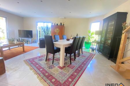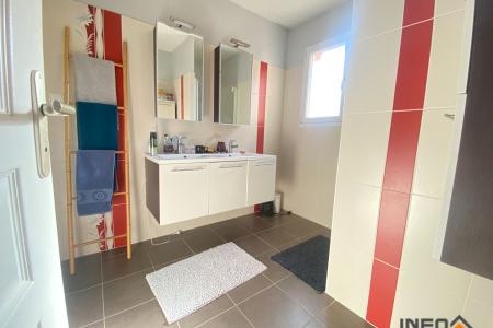La maison se compose d'une belle entrée avec placard donnant sur un salon séjour de plus de 40 m² spacieux et lumineux avec triple exposition , idéal pour profiter du soleil tout au long de la journée. Vous trouverez également une cuisine ouverte aménagée et équipée (four, plaque de cuisson, hotte, lave vaisselle), un desservant 1 chambre de plus de 13 m² avec placard, un WC séparé, une salle d'eau avec douche, double vasque. Cette partie est adaptée personne à mobilité réduite.
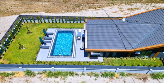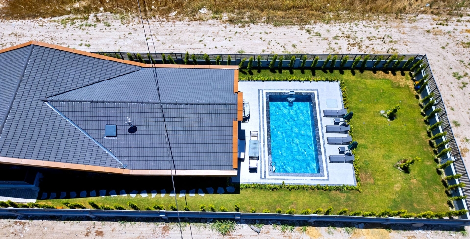 Havuz ve Bahçe: Bahçe içerisinde korunaklı özel yüzme havuzu, şezlong ,şemsiye, yemek masası ve sandalyeler, bahçe oturma grubu, salıncak ve barbekü yer almaktadır.
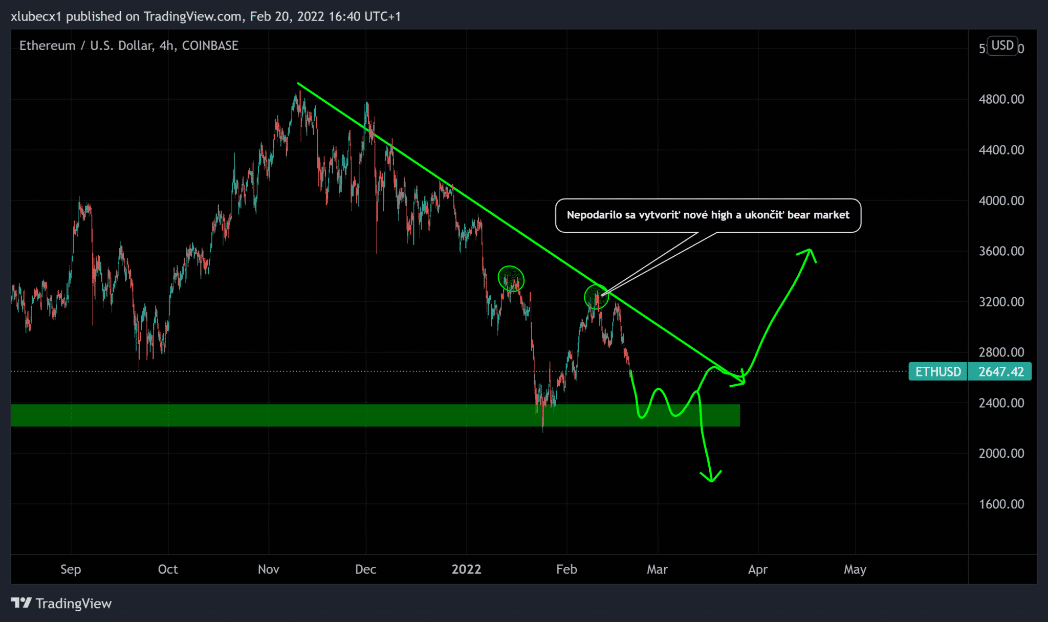 Dával by som si pozor aj na prípadný break out supportu na 2 000 USD. Zatiaľ je menej pravdepodobný, to ale neznamená, že nemôže prísť. Situácia na Ukrajine je veľmi nestabilná a všetky trhy od indexov cez akcie až po kryptomeny reagujú na tento fundament zatiaľ poklesom. Ak by sa stav skomplikoval, prípadne by začala vojna, tak nemám pochyby, že pokles môže byť ešte hroší ako ten, ktorý sme mohli sledovať počas koronakrízy.

---*---

**BRIEF**: Repeat the data word for word, minus any pictures.

**TASK RESPONSE**:
La maison se compose d'une belle entrée avec placard donnant sur un salon séjour de plus de 40 m² spacieux et lumineux avec triple exposition , idéal pour profiter du soleil tout au long de la journée. Vous trouverez également une cuisine ouverte aménagée et équipée (four, plaque de cuisson, hotte, lave vaisselle), un desservant 1 chambre de plus de 13 m² avec placard, un WC séparé, une salle d'eau avec douche, double vasque. Cette partie est adaptée personne à mobilité réduite.
 Havuz ve Bahçe: Bahçe içerisinde korunaklı özel yüzme havuzu, şezlong ,şemsiye, yemek masası ve sandalyeler, bahçe oturma grubu, salıncak ve barbekü yer almaktadır.
 Dával by som si pozor aj na prípadný break out supportu na 2 000 USD. Zatiaľ je menej pravdepodobný, to ale neznamená, že nemôže prísť. Situácia na Ukrajine je veľmi nestabilná a všetky trhy od indexov cez akcie až po kryptomeny reagujú na tento fundament zatiaľ poklesom. Ak by sa stav skomplikoval, prípadne by začala vojna, tak nemám pochyby, že pokles môže byť ešte hroší ako ten, ktorý sme mohli sledovať počas koronakrízy.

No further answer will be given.